Он передает ей банку без единого слова. Она подозрительно взирает на «чудо», потом — снова на дрейлинга. Наконец, сморщив нос, поднимает банку к глазу и смотрит сквозь нее.
Ахает. Глядит сквозь банку, наклонившись вперед, словно божественные рисунки прямо перед нею, а потом очень медленно поворачивается.
— Что это… как это? Это какой-то трюк, да? Ты меня обманываешь, верно?
Он качает головой.
— Это я увидел возле «Золотого отеля» в Аханастане. Думаю, кто-то это сделал, чтобы защитить тебя. Так же, как защищал Шару.
Ивонна убирает банку, смотрит на холмы, моргая, потом снова прикладывает ее к глазу.
— Но… Кто…
— Помощники Шары, — тихо говорит Сигруд. Он вглядывается в испещренный пятнами света пейзаж. — Может, другие дети, которых она спасла. Я не знаю наверняка. У меня нет сомнений, что она должна была обеспечить дочери такую же защиту, как себе, — а то и лучше.
Она бледнеет.
— Ты… ты хочешь сказать, что божественные дети приходили сюда, пробирались сквозь лес и строили невидимые, чудесные стены вокруг моего дома?!
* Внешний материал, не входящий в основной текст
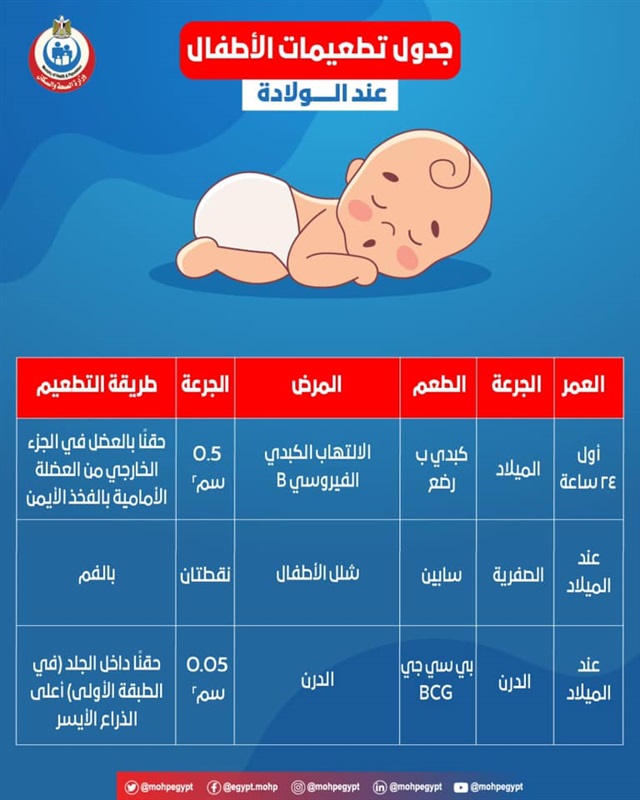 ننشر جدول تطعيمات الأطفال من عمر يوم وحتى 18 شهرا وذلك في إطار حمايتهم من الأمراض الوبائية التي لها تأثيرات مختلفة على الصحة العامة وتفشى الأوبئة.
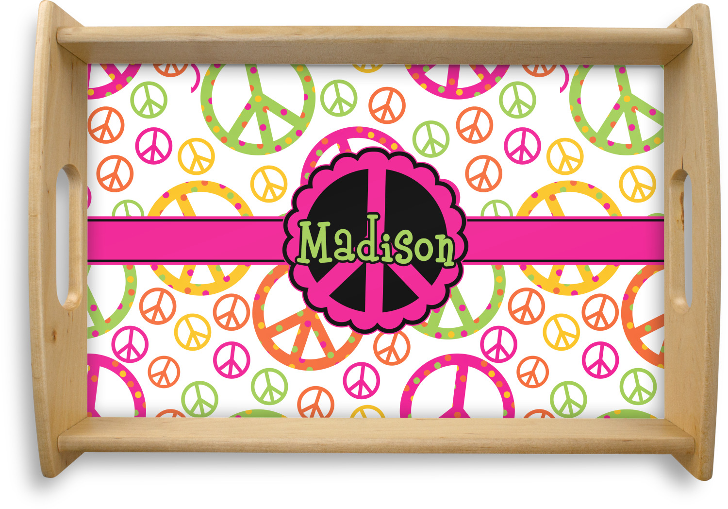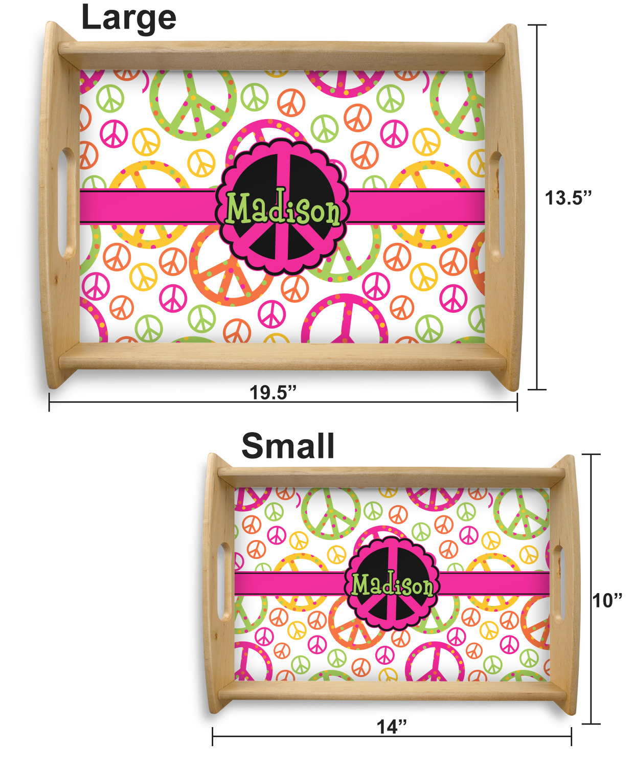 This serving tray with handles features square edges and two rounded sides, creating a very modern look. Each side is fabricated from a beautifully cut, natural wood. The bottom of the interior of the tray displays your customized design in bright, vibrant color. The tray is sold in both a black color and a natural wood look. Each variation of the wood serving tray has two sizes: Small, which is 14" x 10" x 2.25", and Large, which is 19.5" x 13.5" x 2.75".
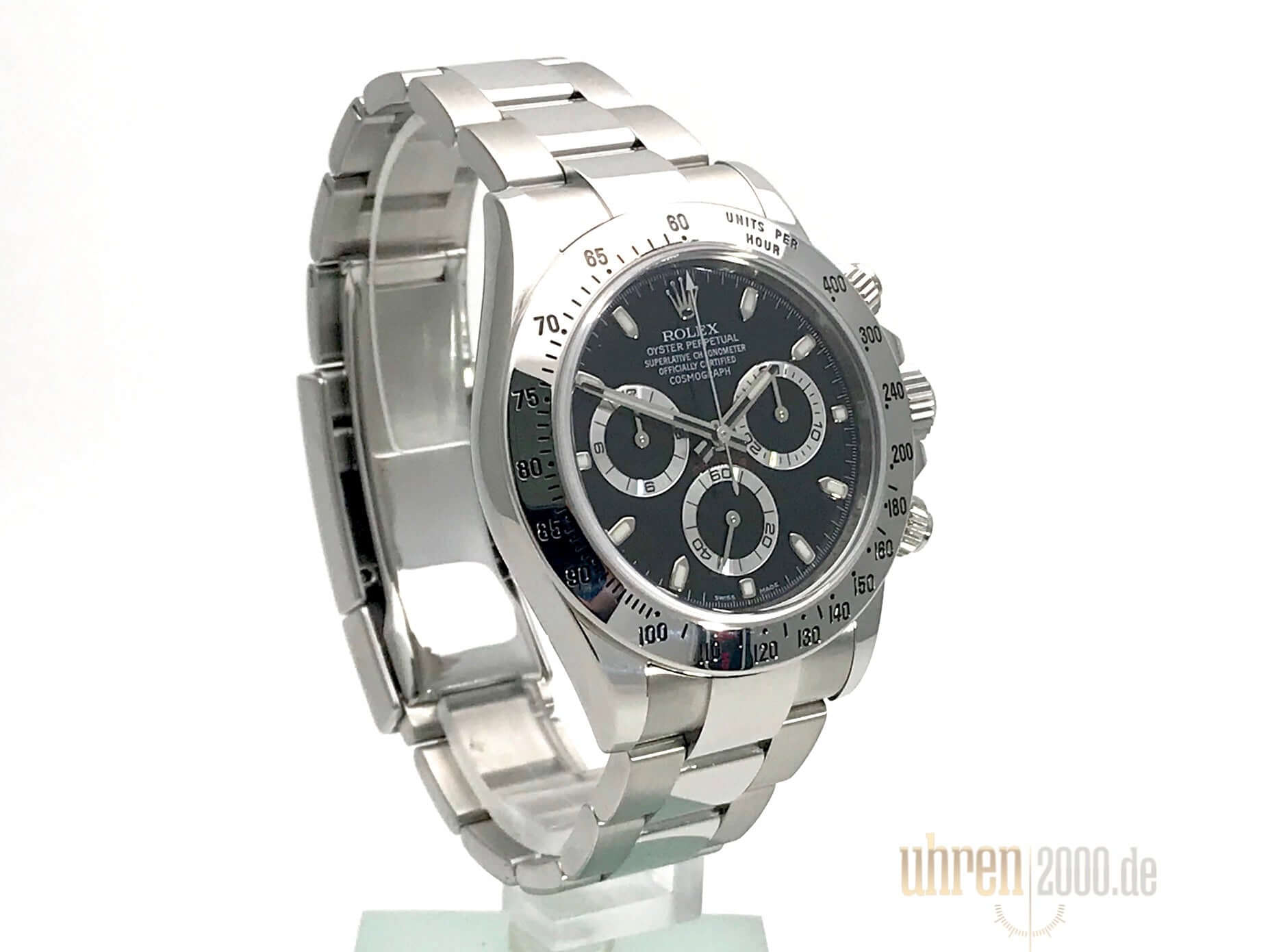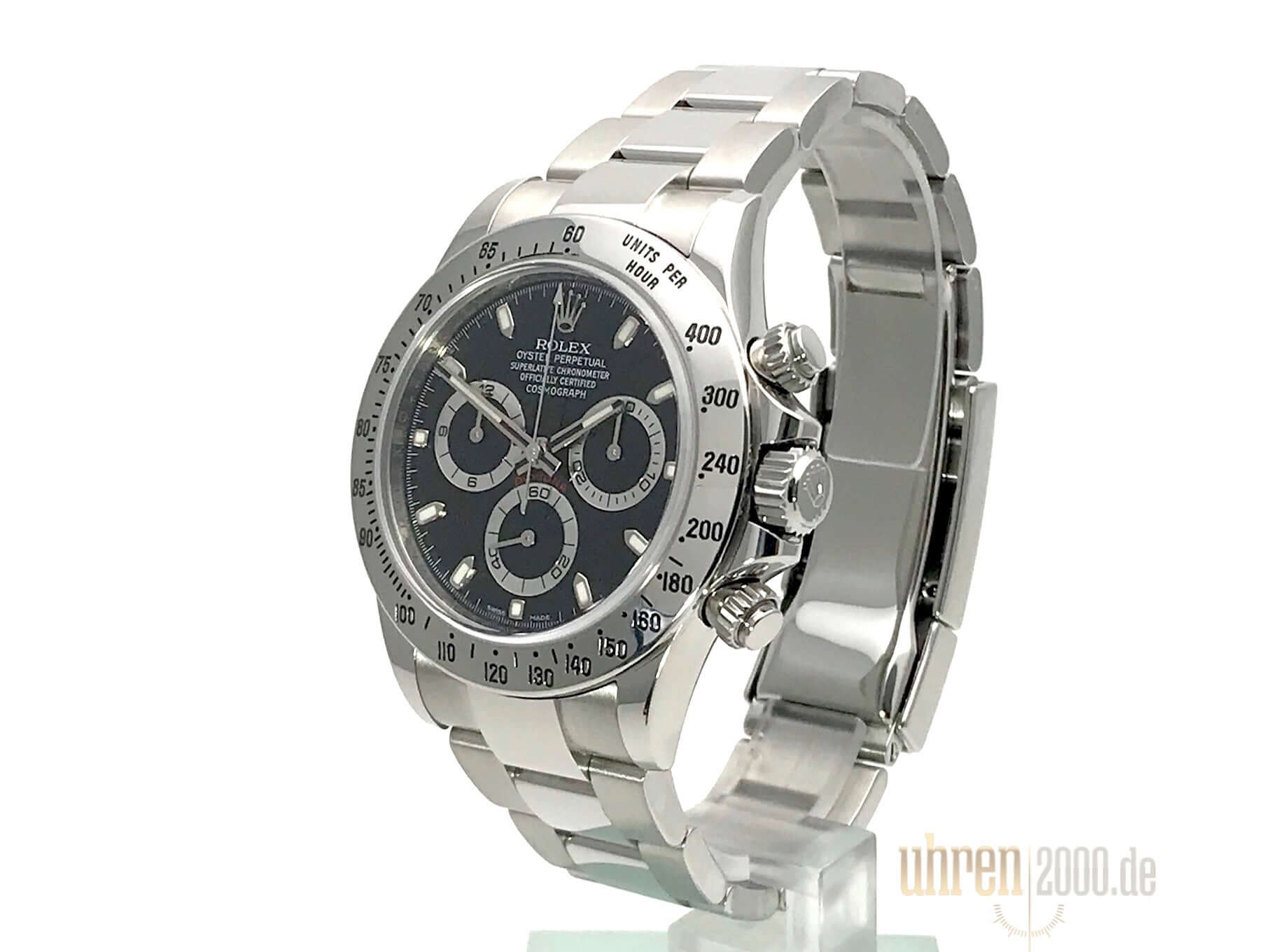 Gehäuse aus Edelstahl poliert und satiniert, Edelstahl Lünette poliert mit Tachymeterskala, Oyster Edelstahlband poliert und satiniert mit Sicherheitsfaltschließe, schwarzes Zifferblatt, Chromalight, Leuchtzeiger, Chronometer, Saphirglas, Rolex Manufakturkaliber 4130, 44 Steine, Gangreserve ca. 72 Stunden, verschraubte Krone mit Flankenschutz, Edelstahlboden verschraubt, Wasserdicht bis 10 bar.
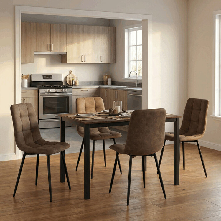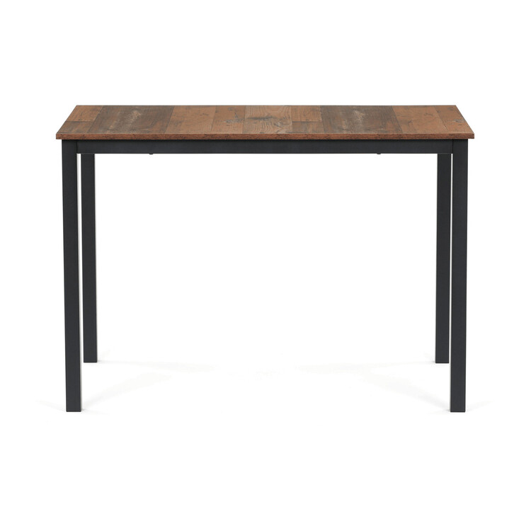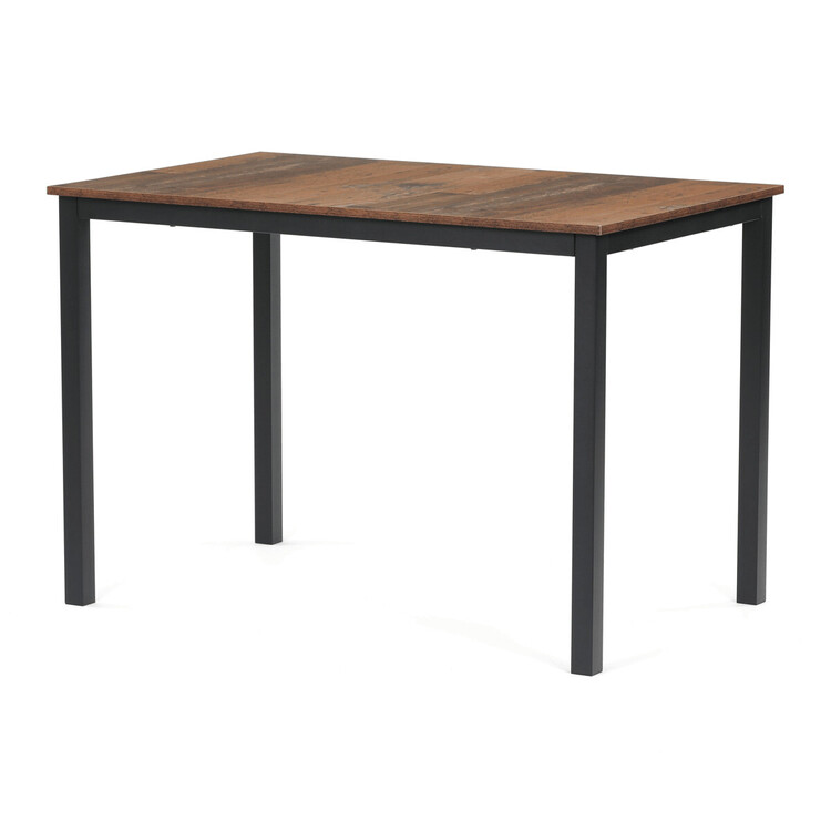 Jídelní stůl o rozměrech 110 × 70 × 75 cm kombinuje desku z MDF s dekorem starého dřeva a stabilní kovovou podnož v černém matném laku. Deska je navržena pro snadnou údržbu a odolnost vůči běžnému opotřebení, což zajišťuje dlouhodobou funkčnost v domácím i komerčním prostředí. Kovová podnož přispívá k celkové stabilitě a pevnosti stolu, zatímco minimalistický design umožňuje jeho univerzální využití v moderních i tradičních interiérech. Stůl není rozkládací, což podtrhuje jeho jednoduchost a pevnost. Díky svým rozměrům poskytuje dostatek prostoru pro pohodlné stolování či práci.

— Это бы объяснило, почему тебя еще не нашли. Шара хорошо потрудилась. Я не знаю, что делают эти защитные стены. Может, отпугивают людей или агентов, которые явились сюда из лучших побуждений. Стирают воспоминания тех, кто ищет Тати. Или, возможно, просто убивают нарушителей на месте.
— Меня устроит любой вариант.
— Да. Но враги Шары нашли способ обойти эти барьеры возле «Золотого отеля». И, что еще хуже, получается, что о местонахождении Тати знает больше людей, чем мы думали, — если их можно называть людьми. Если враг Шары захватит в плен тех детей, которые возвели эту защиту, — а он, судя по всему, спит и видит, как бы это сделать, — тогда ему станет известно и о нас.
Ивонна медленно опускает банку. Она поворачивается и смотрит на Сигруда, ее лицо серое от ужаса.
— Ты хочешь сказать… ты хочешь сказать, что Тати действительно может быть…
— Что происходит? — раздается голос.
Сигруд и Ивонна поворачиваются и видят Тати, которая стоит на заднем крыльце дома и смотрит на них.
— Что… что вы делаете с этой банкой? — спрашивает она. — Вы устроили тут какую-то игру или…
Ивонна поворачивается и швыряет банку, разбивая ее о стену сарая, отчего Сигруд и Тати вздрагивают. Ивонна снова поворачивается и тыкает в девушку пальцем:
— Быстро в дом!!!
Тати глядит на нее, потрясенная.
— Тетушка, я…
— Сейчас же! Вернись в дом! Я кому говорю! — Лицо Ивонны багровеет, рот напряжен от ярости.
Тати смотрит на нее еще секунду. Потом, одарив Ивонну и Сигруда свирепым взглядом, возвращается в дом и громко хлопает дверью.
Ивонна стоит и ничего не говорит, просто тяжело дышит.
— Пожалуй, — говорит Сигруд, — это было чересчур.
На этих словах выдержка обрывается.